The device has a sapphire substrate with conductive layers of aluminum gallium nitride. It is well known that the more aluminum added to the semiconductor material, the shorter the output wavelength. But with increasing aluminum content the material becomes much harder to grow and harder to flow electrical current through it. The mix that reached the 275 nm is around 50 percent aluminum. A key step in achieving the high powers was getting high-quality material growth at these high aluminum percentages, considered to be very difficult.

Also contributing to the advance is a smart packaging technology that has a flip-chip geometry. Instead of the standard top-emitting LED, the LED die is flipped upside down and bonded onto a thermally conducting submount. The finished LED is a bottom-emitting device that uses a transparent buffer layer and substrate.

Having the device emit light from the bottom serves two purposes, says Kate Bogart who together with Art Fischer developed the advanced packaging at Sandia.

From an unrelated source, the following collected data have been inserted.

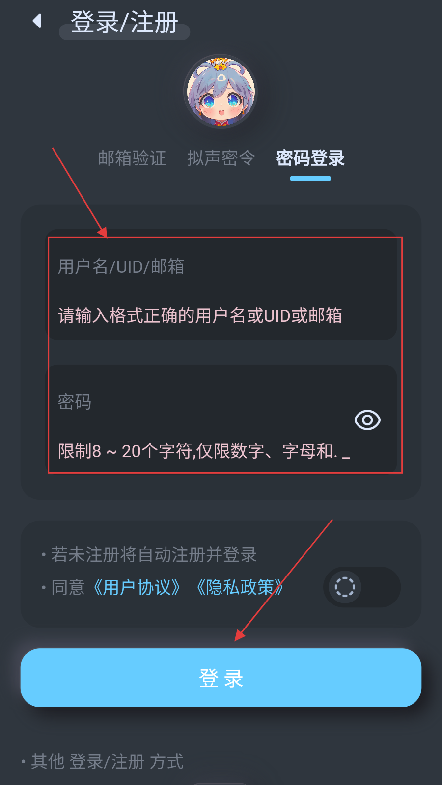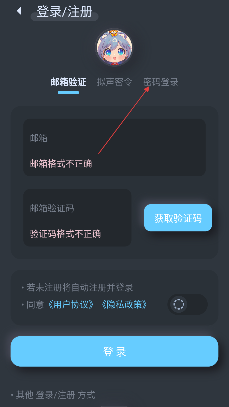 3、在登录/注册页面,点击【密码登录】,切换到密码登录界面。
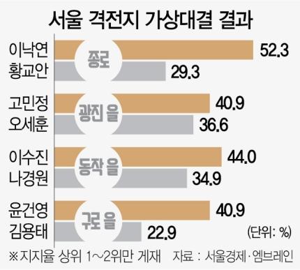 여론조사기관인 엠브레인퍼블릭에 의뢰해 지난 20~21일 종로·광진을·동작을·구로을 선거구에 거주하는 만 18세 이상 남녀 각각 500여명을 설문조사한 결과에 따르면 종로에서 이낙연 민주당 코로나19국난극복위원장이 52.3%의 지지율로 황교안 통합당 대표(29.3%)를 23%포인트 차로 제쳤다. 동작을에서는 민주당의 이수진 전 판사(44%)가 나경원 통합당 의원(34.9%)보다 앞섰고, 구로을에서는 민주당의 윤건영 전 청와대 국정기획상황실장(40.9%)이 김용태 통합당 의원(22.9%)을 눌렀다. 표본오차가 ±4.4%포인트라는 점을 감안하면 세 곳은 오차범위를 벗어난 결과다. 광진을의 고 전 대변인(40.9%)과 오 전 시장(36.6%)만이 오차범위 안에서 박빙세를 보였다.
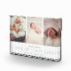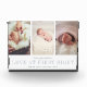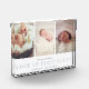 Un bloc photo pour bébé simple et moderne comprend trois de vos photos préférées de nouveau-nés alignées côte à côte, avec un bandeau blanc sur le bas de la page lisant "l'amour au premier regard" en gris clair, flanqué du nom et des statistiques de naissance de votre petit. Un design moderne et minimaliste neutre pour les femmes qui fait un cadeau parfait pour les nouveaux parents.

"First, the light is two times brighter when the LEDs are in the flip-chip geometry, primarily because the light is not physically blocked by the opaque metal contacts on the top of the LED," Bogart says. "In addition, the flip-chip submount pulls heat away from the device because we make it out of materials with high thermal conductivity. This improves efficiency levels with less energy getting converted to heat and more to light."

The result is a device that is low-weight, small, and resistant to vibrations and shock.

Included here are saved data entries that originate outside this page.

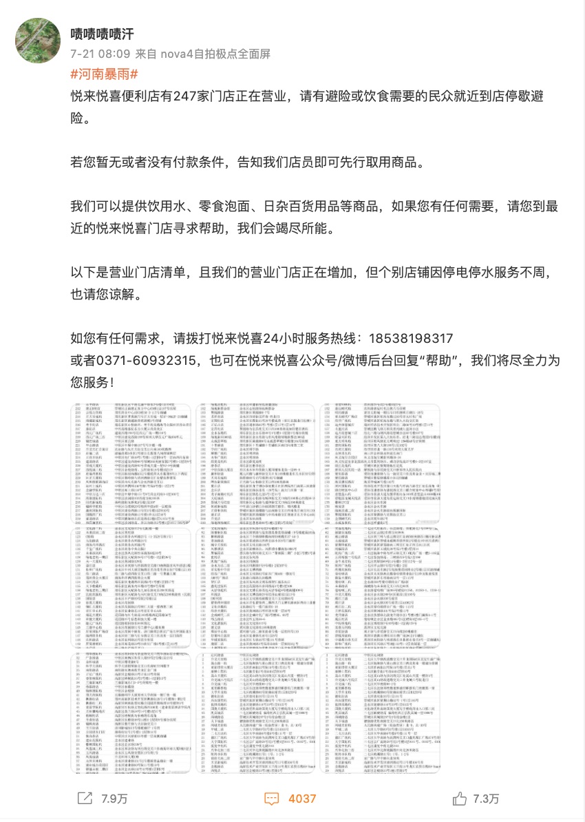 在微博转发评论区,类似的经历还有很多。一位微博网友评论称,“昨晚我公司楼下都停电停水,写字楼的人员去悦来悦喜买水和泡面拖鞋都没付款,但是都在一张纸上写了物品和名字和公司楼层。今天找到充电的地方,我去还钱,发现很多人已经打勾还过来了。”现居郑州的教育从业者小帆也与中新经纬分享了自己在郑州暴雨中的经历,小帆表示,由于昨晚停电,今天早上,只能带着电量用净的手机,搜罗出仅剩的现金,独自一人举着伞,踏上了上班的路。万幸,徒步在雨中走了几公里之后,看到一家悦来悦喜亮着灯,当时眼泪都落下来了,看到熟悉的蓝绿色牌子真的很感动。小帆说,除了感谢提供电源的商家,也要感谢一位谦让的陌生小哥,让我先给手机充电。
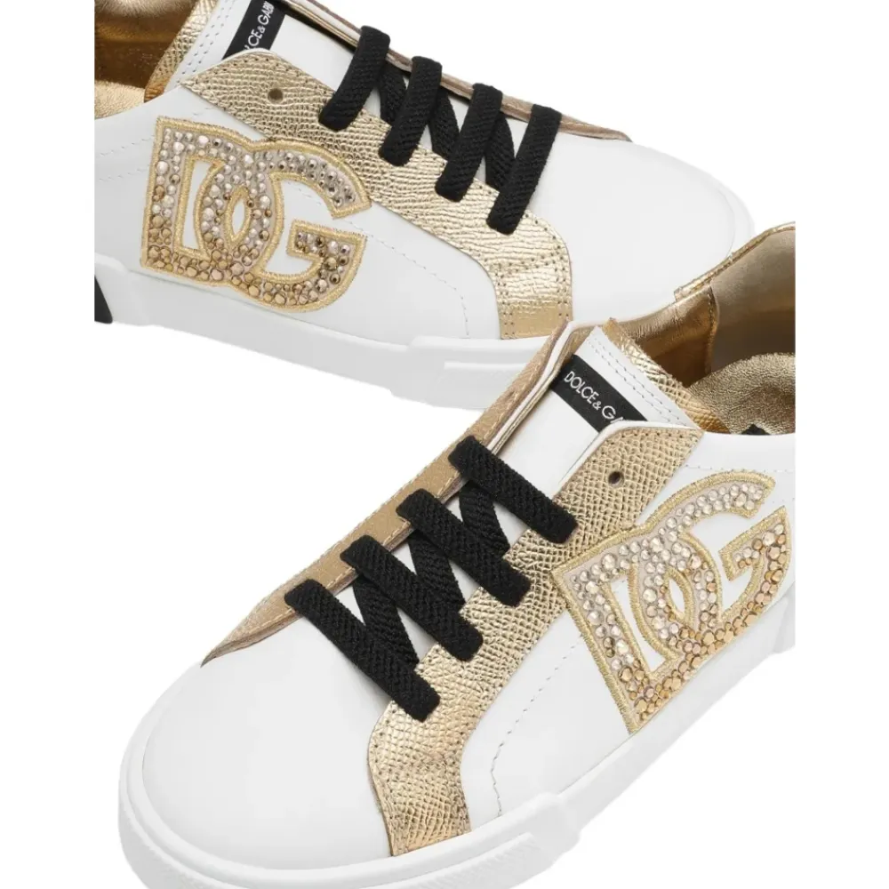 Niedriger Weiß/Gold Sneaker>Dolce & Gabbana
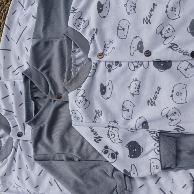 3 Pcs Jumpsuit Bayi Newborn 0–3 Bulan – Full Motif Lucu, Tebal, Lembut, Kancing Depan, Baju Tidur Bayi Terbaru

Conventional UV sources are mercury vapor and other types of discharge lamps which are bulky, heavy, and power hungry - completely different from the new LEDs developed at Sandia that are no bigger than one square millimeter.

Biefeld says that another aspect of the device that makes it unique is that the high power output of 1.3 milliwatts at 290 nm is obtained in a continuous wave (CW) mode.

"That was a continuous wave power measurement under direct current (DC) operation, not a pulsed current measurement like other UV LED groups have reported," Biefeld says. "We were able to control the heat issue to reach these powers in CW mode."

In October Sandia researchers Mary Crawford and Allerman attended a LED conference in Virginia where Mary gave a presentation on the advances of their devices.

"People were very interested," Crawford says. "One of our long-term DARPA program goals was to reach 1 milliwatt powers. And now our team has gone beyond that. Everyone was very excited about the power levels."

While Crawford and Fischer continue to characterize the new UV LEDs and determine exactly how they can be used, LED devices are already being supplied to DARPA program participants making both non-line-of-sight communications and bio-sensor test beds.